(Dataset extract)

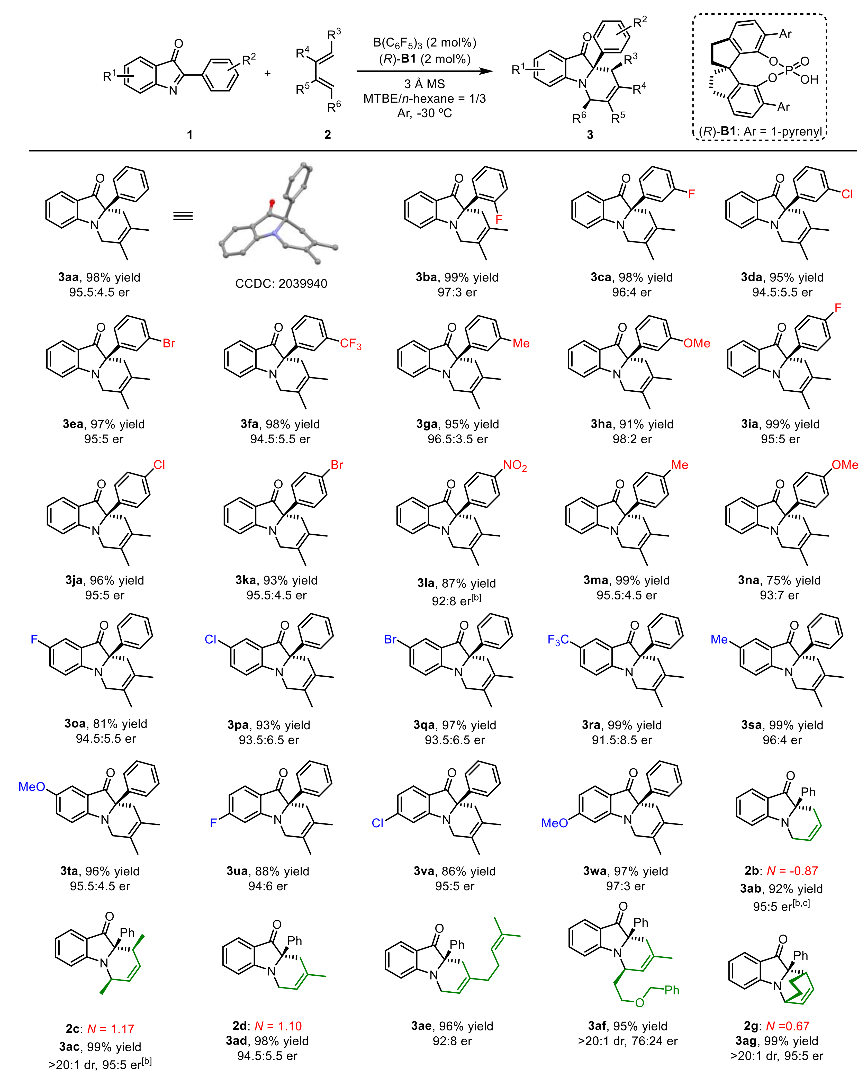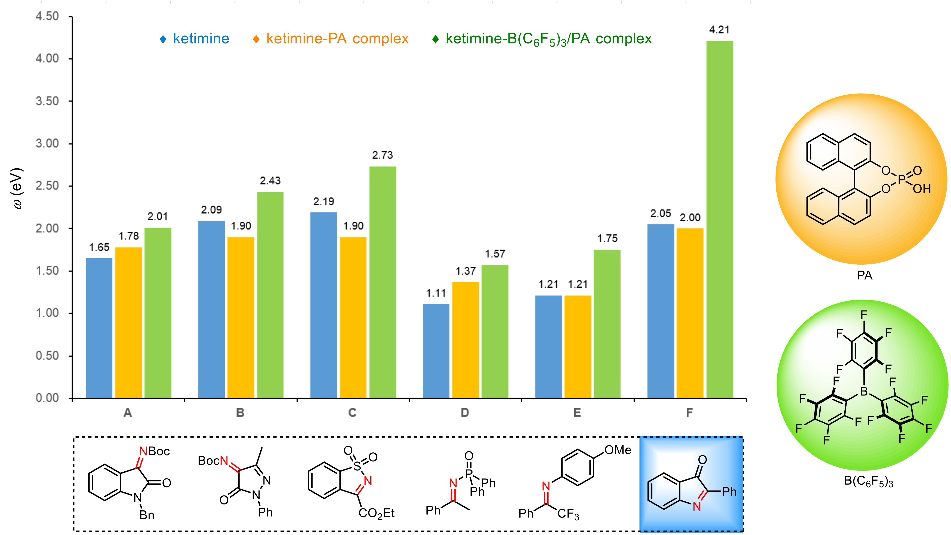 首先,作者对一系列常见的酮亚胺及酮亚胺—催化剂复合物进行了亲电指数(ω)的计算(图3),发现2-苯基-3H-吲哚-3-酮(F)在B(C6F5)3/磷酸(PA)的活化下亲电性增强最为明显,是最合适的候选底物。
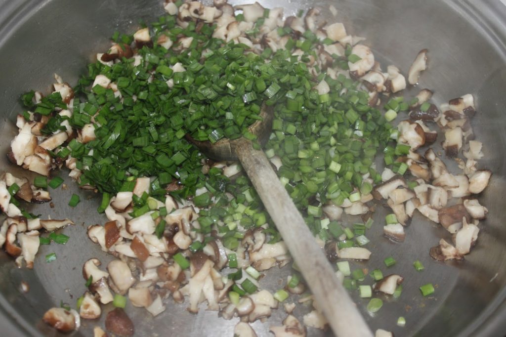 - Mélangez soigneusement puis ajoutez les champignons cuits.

...

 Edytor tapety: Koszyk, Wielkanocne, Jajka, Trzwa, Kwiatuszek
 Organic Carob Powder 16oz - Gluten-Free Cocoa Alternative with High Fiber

(Task directions)
Leaving all pictures out, output exactly the lines of the material above from the line with "首先,作者对一系列常见的酮亚" to the line with "- Mélangez soigneusement", both included.

(Response)
 首先,作者对一系列常见的酮亚胺及酮亚胺—催化剂复合物进行了亲电指数(ω)的计算(图3),发现2-苯基-3H-吲哚-3-酮(F)在B(C6F5)3/磷酸(PA)的活化下亲电性增强最为明显,是最合适的候选底物。
 - Mélangez soigneusement puis ajoutez les champignons cuits.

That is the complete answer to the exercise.